Première constatation : lors d'une prochaine session, il ne serait pas inutile de créer, comme certains l'ont proposé, une catégorie "nuls" et/ou une catégorie "cancres".

Place aux réponses.



Question 1 - niveau "Débutant"

C'était bien sûr la Gallinule poule-d'eau Gallinula chloropus (Waterhoentje / Common Moorhen).

Il n'y avait pas de piège. Il s'agit d'un individu adulte, photographié d'un peu loin sans doute mais il faut quand même un minimum de difficulté, n'est-ce pas?
Du reste, tout le monde a trouvé, sauf Jean-Loup dont les résultats sont extrêmement décevants et qui devra faire un énorme effort au second semestre s'il veut réussir son année.

J'envisage d'ailleurs de convoquer ses parents.

Quant à Jaime, je me vois dans l'obligation de lui retirer un point car il a copié sur son voisin.
Je sais que la sanction est lourde mais vous comprendrez qu'à ce niveau de compétition je dois me montrer intransigeant.

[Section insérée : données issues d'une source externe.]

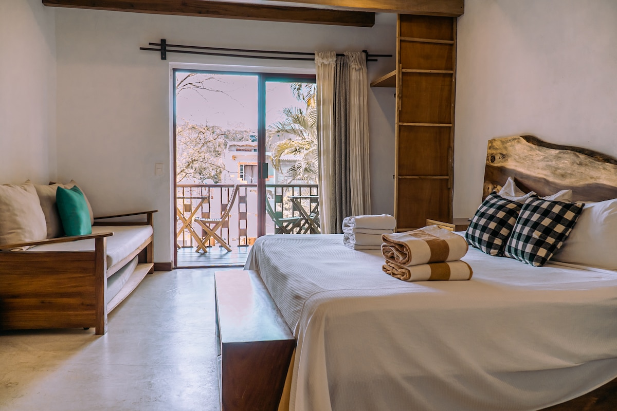 Experience life in the jungle and sleep peacefully surrounded by lush landscaping. Sit out on the oversized patio with bathtub, chairs, a hammock, and space for morning meditation. Our Wild Studio with garden view combines a modern yet jungle chic feeling highlighted by Mexican color accents and decorative style, this large comfortable studio comes with a/c , Macbook Air, designer sofa, exterior bathroom and shower.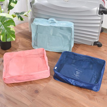 旅行收納袋8件組 大號(40 x 30 x 12cm) + 中號(30 x 28 x 12cm) + 小號(30 x 20 x 12cm) + 束口袋(36 x 27cm) + 內衣袋(28 x 20 x 12cm) + 平口袋(27 x 12cm) + 鞋袋(36 x 21c

Question 2 - niveau "Moyen"



Encore un Fuligule, que plusieurs ont reconnu : Fuligule milouinan - Aythya marila (Topper / Greater Scaup).

Une femelle adulte bien reconnaissable à la large tache très blanche entourant la base du bec. Le mâle ressemble un peu au morillon, la huppe en moins et sans le dos noir.
Un canard peu commun, avouons-le, qu'on peut observer le long de nos côtes d'Europe nord-occidentales en hivernage.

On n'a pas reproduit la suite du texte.